## YOUR ASSIGNMENT
Reproduce every line of the material below, but drop the pictures.

## DATA EXTRACT
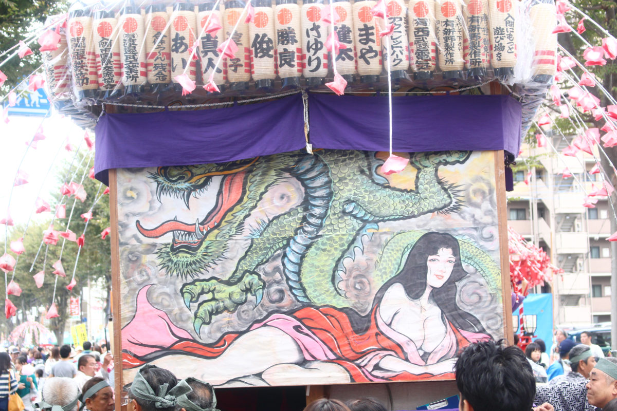 山車の背面には各々絵や飾りが施されているのですが、こちらのように攻めている山車もありました笑
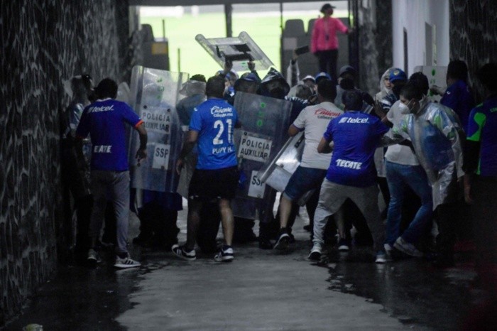 Tras la derrota del Cruz Azul, a las afueras del Estadio Azteca aficionados de la Máquina protagonizaron una pelea con elementos policiacos
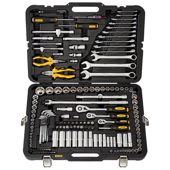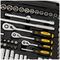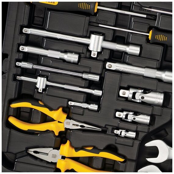 автотестер 6-12-24 V, ручка магнитная телескопическая; трещотка (ключ трещоточный с быстрым сбросом) 45 зубов: 150 мм, 210 мм, 260 мм; адаптер (скользящий переходник); 1/4”М (внешн.) Х 3/8″F (внутр.), (скользящий переходник) 3/8”М (внешн.) Х 1/2″F (внутр.), 3/8”М (внешн.) Х 1/4″F (внутр.), (скользящий переходник) 1/2”М (внешн.) Х 3/8″F (внутр.); отвертка с присоединительным квадратом: 150 мм; удлинитель: 50, 150 мм, 100 мм, 200 мм, 70 мм, 125 мм, 250 мм; удлинитель гибкий: 150 мм; кардан шарнирный 1/4", 3/8", 1/2"; вороток шарнирный: 430 мм

## ANSWER TO THE PROBLEM
 山車の背面には各々絵や飾りが施されているのですが、こちらのように攻めている山車もありました笑
 Tras la derrota del Cruz Azul, a las afueras del Estadio Azteca aficionados de la Máquina protagonizaron una pelea con elementos policiacos
 автотестер 6-12-24 V, ручка магнитная телескопическая; трещотка (ключ трещоточный с быстрым сбросом) 45 зубов: 150 мм, 210 мм, 260 мм; адаптер (скользящий переходник); 1/4”М (внешн.) Х 3/8″F (внутр.), (скользящий переходник) 3/8”М (внешн.) Х 1/2″F (внутр.), 3/8”М (внешн.) Х 1/4″F (внутр.), (скользящий переходник) 1/2”М (внешн.) Х 3/8″F (внутр.); отвертка с присоединительным квадратом: 150 мм; удлинитель: 50, 150 мм, 100 мм, 200 мм, 70 мм, 125 мм, 250 мм; удлинитель гибкий: 150 мм; кардан шарнирный 1/4", 3/8", 1/2"; вороток шарнирный: 430 мм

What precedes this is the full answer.